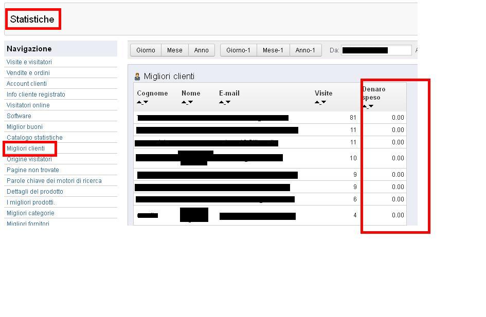 ba609 Posted September 26, 2013 Share Posted September 26, 2013 Salve,nella sezione Statistiche alla voce Migliori Clienti è possibile ordinare i clienti in base al Denaro Speso, il problema è che questo si basa sulle fatture, cosa che io faccio a parte con un programma gestionale. (vedi immagine allegata) La domanda è:- Come faccio ad impostare la voce relativa al denaro speso dal cliente con il totale degli importi dei carrelli del cliente stesso ?In sostanza non voglio l'associazione con le fatture ma voglio l'associazione con i carrelli. Grazie mille. Ciao. Link to comment Share on other sites More sharing options...
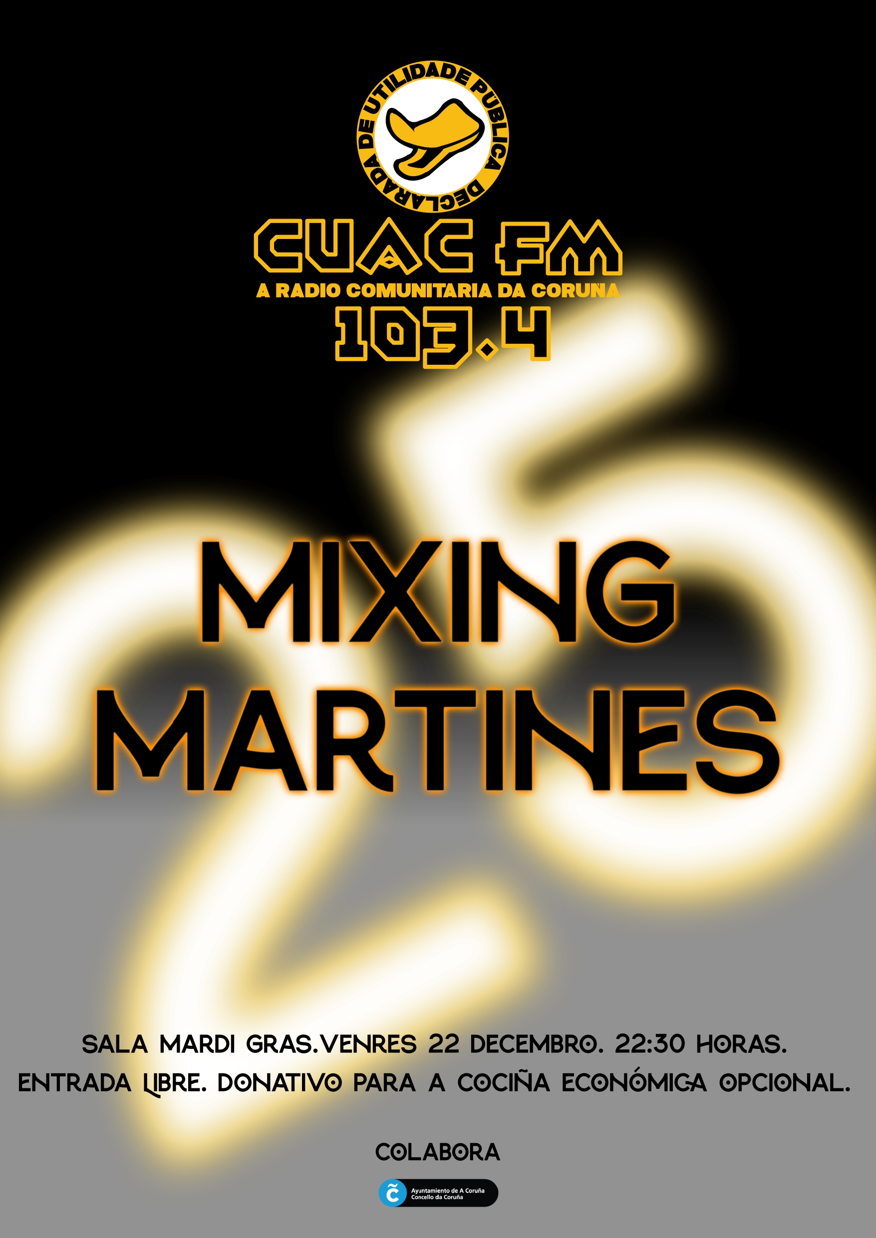 Este venres chega á Sala Mardi Gras o quinto concerto conmemorativo dos XXV anos do Concurso de Bandas e solistas de CUAC FM. Mixing Martines con Bonham como cabeza visible do proxecto e entrada libre. Ainda que xa sabes que podes doar o que desexes e irá íntegramente para a Cocina Económica Coruña A apertura de portas será ás 22:30 e o inicio do concerto ás 23:00 horas.
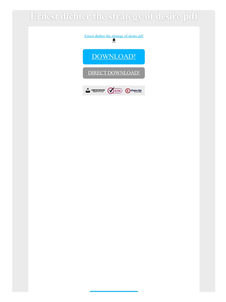 Ernest Dichter was an Austrian-American psychologist and marketing expert known as the “father of motivational research.” Dichter pioneered the application of. Dr. Ernest Dichter is the Director of the Institute of Motivational Research. In this book which is not really readable enough to be popular (in spite of its title) or. Get this from a library! The strategy of desire.. [Ernest Dichter].
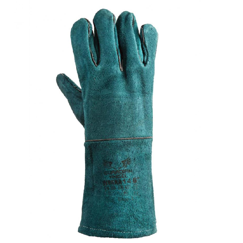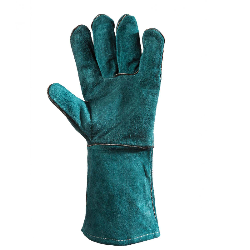 Green dyed cow split leather lined welders glove. Gunn cut, wing thumb fully cotton lined, sewn with syntax thread, welted hand & material bound cuff. This glove is designed for the use with welding related operations.
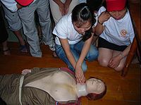 淹溺(drowning),又称溺水,是人淹没于水中,水充满呼吸道和肺泡引起窒息;吸收到血液循环的水引起血液渗透压改变、电解质紊乱和组织损害;最后造成呼吸停止和心脏停搏而死亡。淹溺后窒息合并心脏停搏者称为溺死(drowning),如心脏未停搏则称近乎溺死(near drowning)。不慎跌入粪坑、污水池和化学物贮槽时,可引起皮肤和粘膜损害及全身中毒。

What is being asked:
Take the records above from the line with "Green dyed cow" down to their last line and please copy those lines exactly, without the pictures.

Result of the exercise:
 Green dyed cow split leather lined welders glove. Gunn cut, wing thumb fully cotton lined, sewn with syntax thread, welted hand & material bound cuff. This glove is designed for the use with welding related operations.
 淹溺(drowning),又称溺水,是人淹没于水中,水充满呼吸道和肺泡引起窒息;吸收到血液循环的水引起血液渗透压改变、电解质紊乱和组织损害;最后造成呼吸停止和心脏停搏而死亡。淹溺后窒息合并心脏停搏者称为溺死(drowning),如心脏未停搏则称近乎溺死(near drowning)。不慎跌入粪坑、污水池和化学物贮槽时,可引起皮肤和粘膜损害及全身中毒。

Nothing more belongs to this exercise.